When I got to Day 4, I stumbled a bit with the parse() method. Most of the input files so far involved a list of items, with one item per line. This puzzle’s input, however, groups of key:value pairs that could span multiple lines, with a blank line in between separate items.

This was the example input:

ecl:gry pid:860033327 eyr:2020 hcl:#fffffd
byr:1937 iyr:2017 cid:147 hgt:183cm

iyr:2013 ecl:amb cid:350 eyr:2023 pid:028048884
hcl:#cfa07d byr:1929

hcl:#ae17e1 iyr:2013
eyr:2024
ecl:brn pid:760753108 byr:1931
hgt:179cm

hcl:#cfa07d eyr:2025 pid:166559648
iyr:2011 ecl:brn hgt:59in

(These were supposed to represent passport data fields: ecl was “eye color”, pid was “passport ID number”, and so on.)

To make the actual puzzle solving code easier, I wanted to represent each passport as a dictionary, mapping keys (e.g. 'ecl', 'pid') to their values ('gry', '860033327').

My parse() method started with a list of input lines, but I needed to make sure to group these lines together up to the next blank line. I found myself wanting to use something like Python’s string split() method. This method takes a string and “splits” it at any whitespace, returning a new list of strings.

For example:

>>> 'Well, hello there'.split()
['Well,', 'hello', 'there']

I wanted to take my list of input lines and “split” it at every blank line; something like lines.split('\n'). But lines was a list, not a string, and I didn’t see any method like this in the Python standard library.

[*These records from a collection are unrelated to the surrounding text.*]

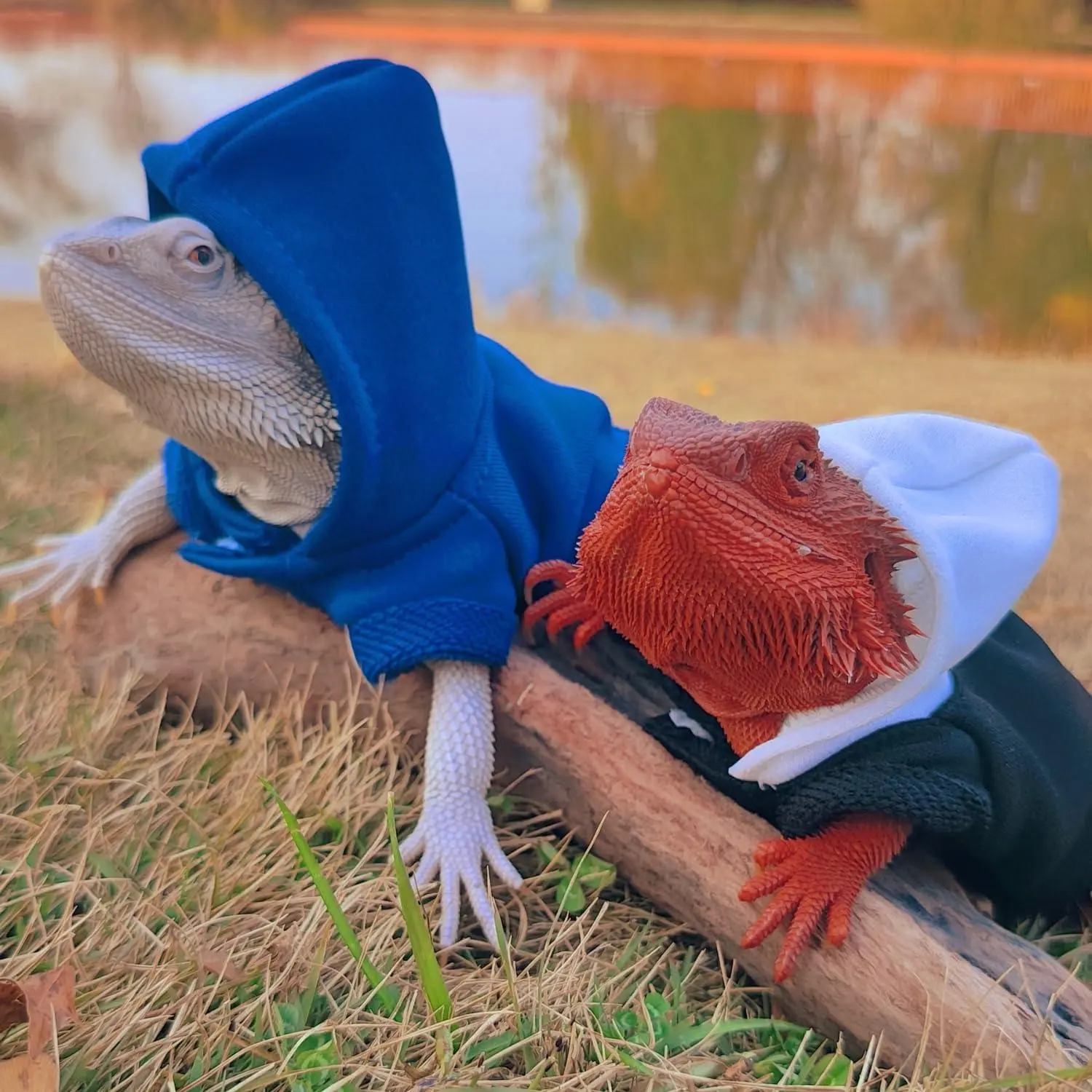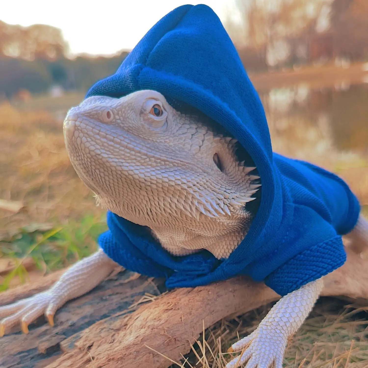 Lizards Clothes for Bearded Dragon - Handmade Cotton Hoodies Warm Sweater Coat Reptiles Apparel Costume Skin Protection Photo for Lizard Bearded Dragon Crested Gecko Chameleon (Blue,Large)
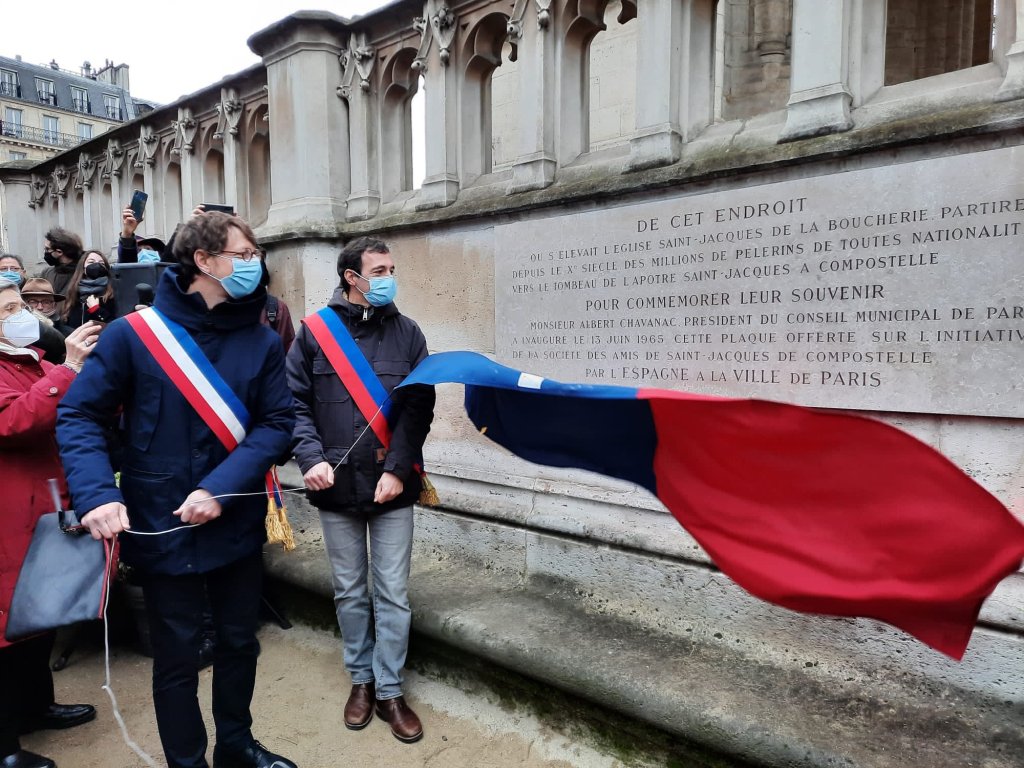 ¿Que el camino hacia Compostela tiene como punto de partida París? Desde el siglo X, la Tour Saint-Jacques ha marcado este punto, y hoy se descubrió la placa que nos lo recuerda, después de su restauración, en una ceremonia con el Embajador de España en Francia Victorio Redondo Baldrich,Ariel Weilt alcalde de Paris Centro
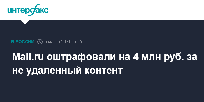 Mail.ru оштрафовали на 4 млн руб. за не удаленный контент
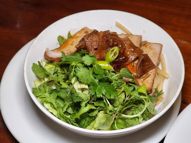 When you’re in Hoi An, you’ll no doubt encounter restaurants with the words “Cao Lau” prominently displayed in front. Cao Lau or (高楼) in old Vietnamese, is a noodle dish that originates from this town. It’s a bit like char siew noodles but the noodles used for cao lau are springy, chewy and much thicker. It also comes with a host of other herbs. The name is believed to have been derived from the ancient traders who plied this city and who often stayed well above ground when having this dish.
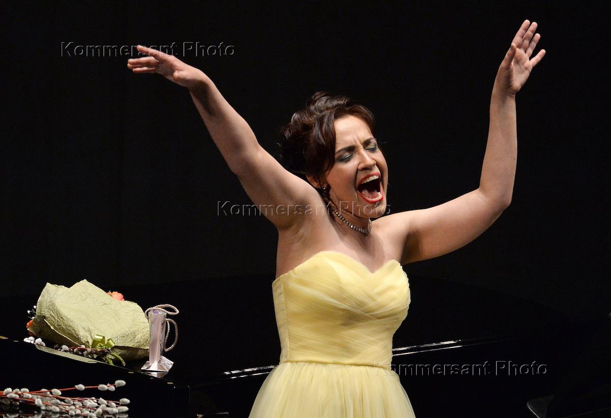 Solo concert of the soloist of the Perm Opera and Ballet Theater Nadezhda Pavlova at the Moscow International House of Music. Singer Nadezhda Pavlova during the concert.
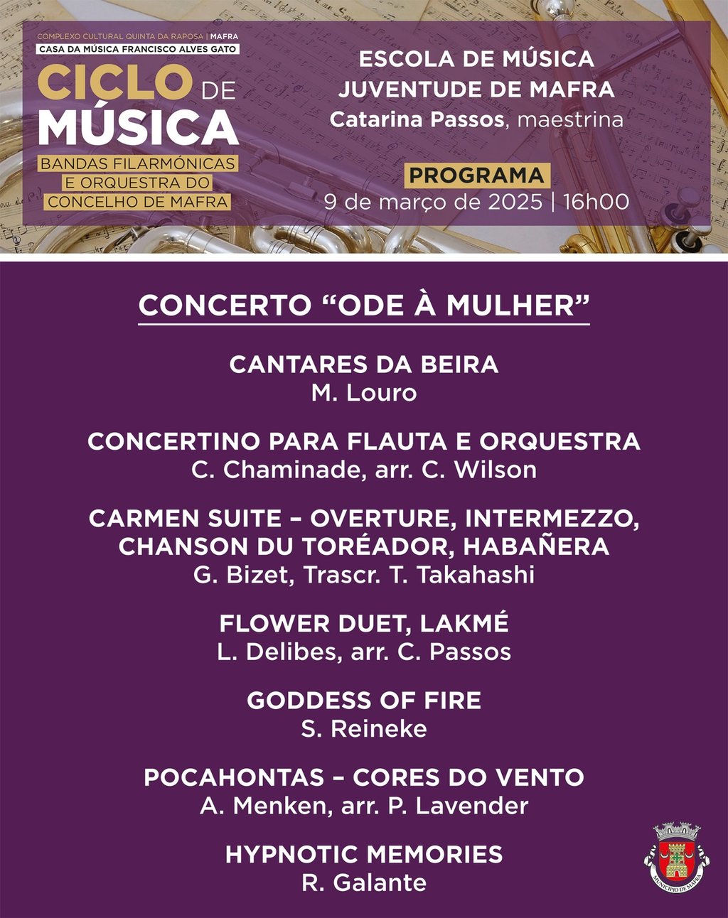 A Escola de Música Juventude de Mafra, sob a direção da maestrina Catarina Passos, é protagonista do próximo concerto do Ciclo de Música “Bandas Filarmónicas e Orquestra do Concelho de Mafra”. O espetáculo realiza-se no dia 9 de março, às 16h00, na Casa da Música Francisco Alves Gato, em Mafra.

After some Googling, I found this Stack Overflow question wondering the same thing: is there a split() for lists?

One of the answers pointed out that we can use itertools.groupby() for this, something like this:

def listsplit(l, delim):
    return [list(group) for is_delim, group in
            itertools.groupby(l, key=lambda e: e == delim) if not is_delim]

It took me a minute to understand how this worked, so I thought I’d try to explain it here.

What does itertools.groupby() do?

The Python documentation has this to say:

itertools.groupby(iterable, key=None)

Make an iterator that returns consecutive keys and groups from the iterable. The key is a function computing a key value for each element. If not specified or is None, key defaults to an identity function and returns the element unchanged. Generally, the iterable needs to already be sorted on the same key function.

The operation of groupby() is similar to the uniq filter in Unix. It generates a break or new group every time the value of the key function changes (which is why it is usually necessary to have sorted the data using the same key function). That behavior differs from SQL’s GROUP BY which aggregates common elements regardless of their input order.

The returned group is itself an iterator that shares the underlying iterable with groupby(). Because the source is shared, when the groupby() object is advanced, the previous group is no longer visible. So, if that data is needed later, it should be stored as a list.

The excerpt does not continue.